[[ RECORDED INFORMATION open ]]
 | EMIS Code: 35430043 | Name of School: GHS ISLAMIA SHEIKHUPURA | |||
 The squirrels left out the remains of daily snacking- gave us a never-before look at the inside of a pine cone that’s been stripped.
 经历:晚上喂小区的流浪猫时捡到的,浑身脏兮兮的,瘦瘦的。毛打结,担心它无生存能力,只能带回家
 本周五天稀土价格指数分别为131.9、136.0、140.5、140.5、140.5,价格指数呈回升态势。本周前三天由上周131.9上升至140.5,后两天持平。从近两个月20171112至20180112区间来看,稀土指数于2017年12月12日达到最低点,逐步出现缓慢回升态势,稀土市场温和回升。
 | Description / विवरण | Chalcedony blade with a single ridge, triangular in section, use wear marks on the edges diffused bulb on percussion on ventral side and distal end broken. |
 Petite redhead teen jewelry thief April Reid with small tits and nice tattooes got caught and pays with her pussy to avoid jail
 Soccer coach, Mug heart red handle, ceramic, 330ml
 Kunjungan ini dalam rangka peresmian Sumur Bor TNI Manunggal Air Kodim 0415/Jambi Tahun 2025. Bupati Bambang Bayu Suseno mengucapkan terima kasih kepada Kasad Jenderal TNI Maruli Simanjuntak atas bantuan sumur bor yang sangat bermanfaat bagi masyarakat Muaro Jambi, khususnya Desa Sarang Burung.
[[ RECORDED INFORMATION closed ]]
[[ RECORDED INFORMATION open ]]
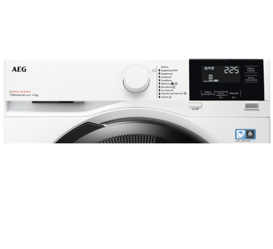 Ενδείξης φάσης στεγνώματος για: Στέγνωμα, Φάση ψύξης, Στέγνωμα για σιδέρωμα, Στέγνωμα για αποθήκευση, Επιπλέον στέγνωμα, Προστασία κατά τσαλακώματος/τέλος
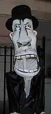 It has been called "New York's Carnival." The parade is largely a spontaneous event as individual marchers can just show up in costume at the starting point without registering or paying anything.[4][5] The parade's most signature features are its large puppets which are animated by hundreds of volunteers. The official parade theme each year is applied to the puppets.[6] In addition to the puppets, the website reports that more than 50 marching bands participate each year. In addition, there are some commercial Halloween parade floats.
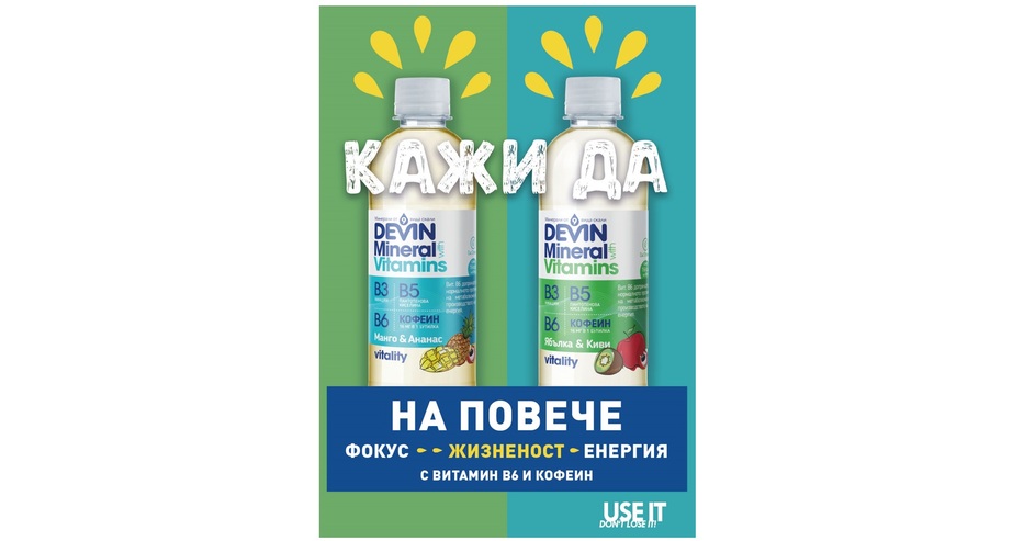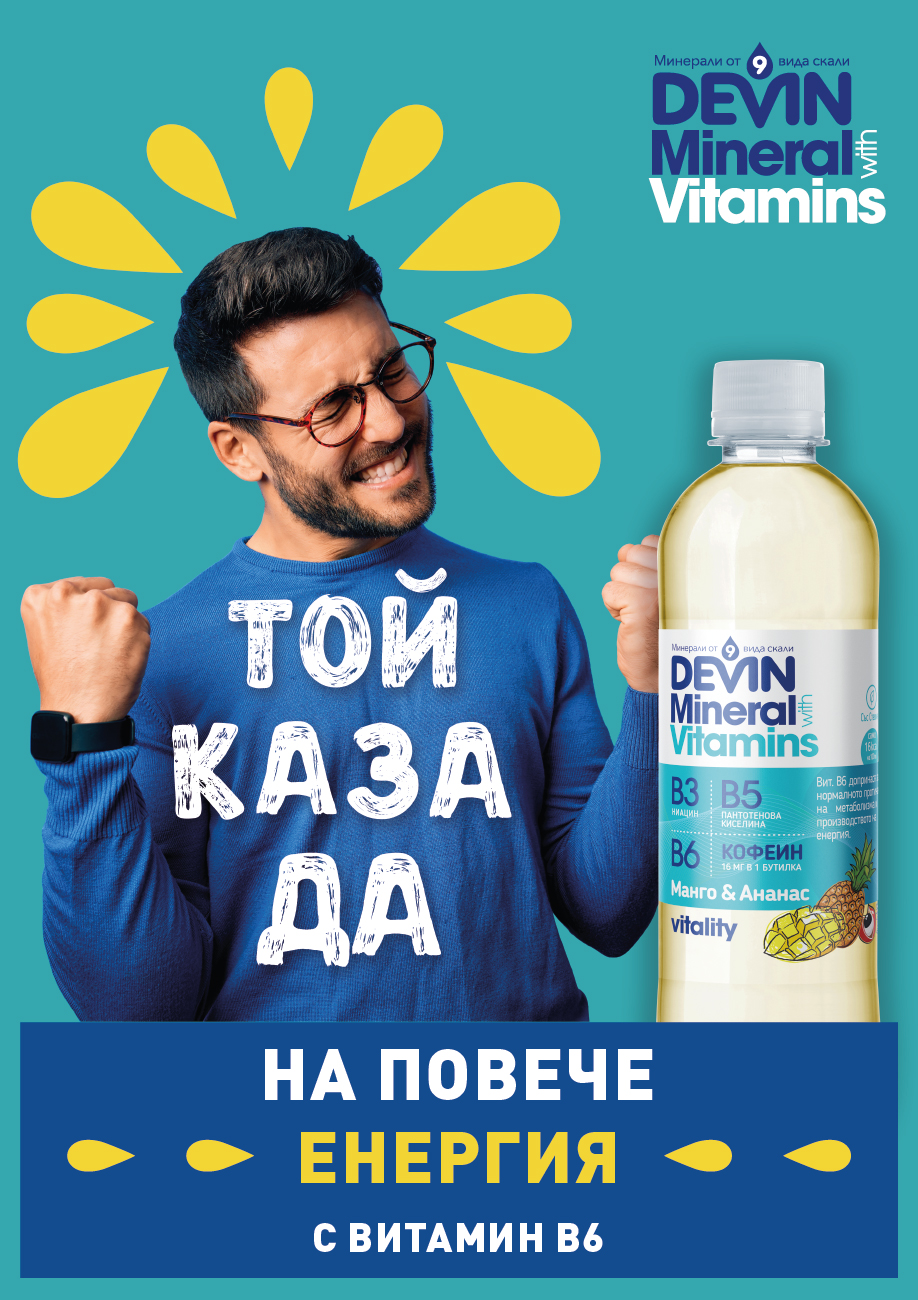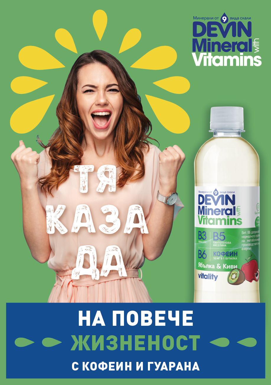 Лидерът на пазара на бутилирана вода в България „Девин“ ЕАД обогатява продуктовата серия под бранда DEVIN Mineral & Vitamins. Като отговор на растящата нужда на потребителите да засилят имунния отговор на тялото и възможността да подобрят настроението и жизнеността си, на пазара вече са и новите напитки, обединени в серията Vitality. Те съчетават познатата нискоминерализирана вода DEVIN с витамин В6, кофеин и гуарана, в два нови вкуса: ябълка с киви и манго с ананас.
[[ RECORDED INFORMATION closed ]]
[[ RECORDED INFORMATION open ]]
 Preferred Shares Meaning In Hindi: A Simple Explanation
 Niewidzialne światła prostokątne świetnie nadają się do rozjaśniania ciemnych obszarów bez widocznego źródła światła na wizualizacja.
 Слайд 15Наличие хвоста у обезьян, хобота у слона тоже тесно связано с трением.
[[ RECORDED INFORMATION closed ]]
# [AIM OF THE EXERCISE]
Repeat, word for word, the lines above between the line holding "Petite redhead teen" and the line holding "Kunjungan ini dalam", inclusive; omit everything else.

# [OUTPUT OF THE EXERCISE]
 Petite redhead teen jewelry thief April Reid with small tits and nice tattooes got caught and pays with her pussy to avoid jail
 Soccer coach, Mug heart red handle, ceramic, 330ml
 Kunjungan ini dalam rangka peresmian Sumur Bor TNI Manunggal Air Kodim 0415/Jambi Tahun 2025. Bupati Bambang Bayu Suseno mengucapkan terima kasih kepada Kasad Jenderal TNI Maruli Simanjuntak atas bantuan sumur bor yang sangat bermanfaat bagi masyarakat Muaro Jambi, khususnya Desa Sarang Burung.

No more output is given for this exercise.